No. The right solution would be in that case to not implement the interface
at all until there is agreement on a cross-vendor solution. Generally
this is not the problem, because we deal with smart people that can
introduce an interface in a way that works for themselves and other
future users.

> > > If in the future driver ABC needed to change any of its private 
> > > parameters (those it receives through the IFLA_PORT_DATA attribute), 
> > > it can do it by updating its parsing routine (of course it would 
> > > need to implement a basic versioning scheme for its private 
> > > attributes), but no change would be required in the core Netlink 
> > > code.
> > 
> > A data structure being private to a driver would not save you from 
> > maintaining backwards compatibility, you still cannot just go and 
> > change it as you like.
> 
> Yes of course.
> However in this case the driver itself would take care of it
> (RTNetlink does not need to know what is inside the IFLA_PORT_DATA
> attribute).

There is a significant difference between interfaces per functionality,
like we have GETLINK take different arguments on a vlan device than
on a bridge, and having interfaces on multiple device drivers implementing
the same thing.
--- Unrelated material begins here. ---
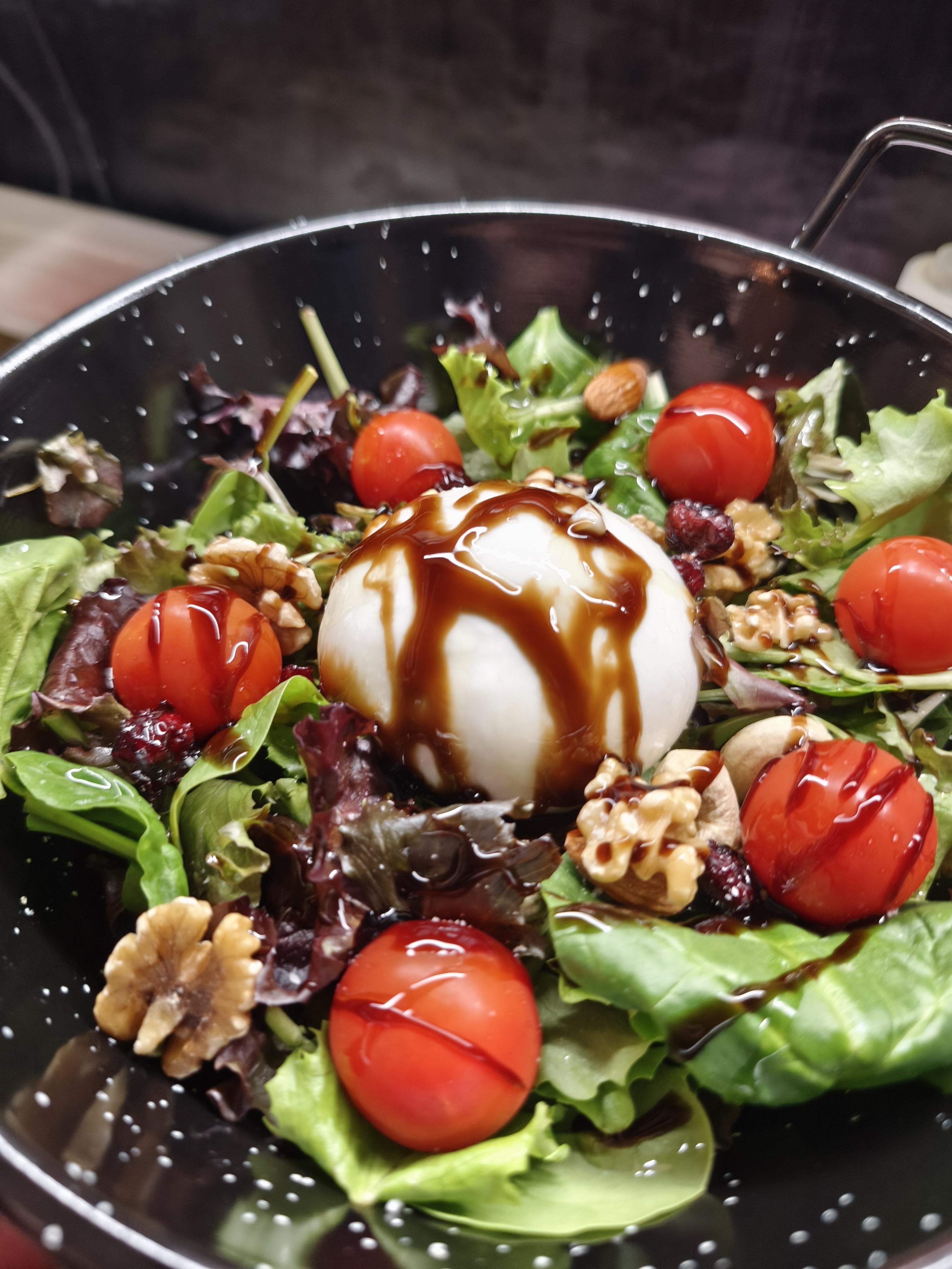 Ensalada de Burrata, Brotes Tiernos y Cherry
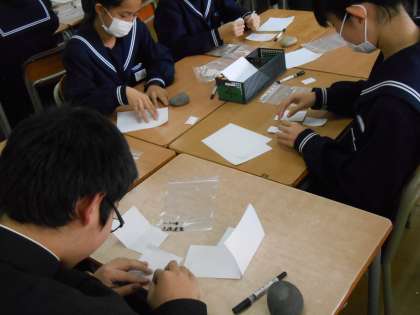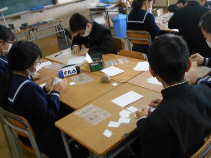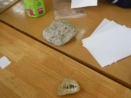 石に紙を何枚も貼り付けて張り子の型を作ろうとしています。

IMHO, there is nothing wrong with having a Cisco switch
specific interface in the IFLA_PORT_* family, and have only enic
implement this, as long as the interface allows other device drivers
to implement the exact same semantics when they want to talk to the
same switch. 

> > Just don't add driver-private interfaces, make them official!
> 
> I would not look at IFLA_PORT_DATA as a private-interface replacing
> the public one/s, but rather as a way to make it easier to configure
> new extensions without having to wait for a standard/spec to show up
> and make a case for the change to the shared Netlink scheme.
> 
> Anyway, IFLA_PORT_DATA was just a proposal (which I think makes
> sense) and can be added/revisited at any time, not necessarily now.
> Since we were proposing a change to the Netlink scheme, I thought
> it was the right context to mention it too.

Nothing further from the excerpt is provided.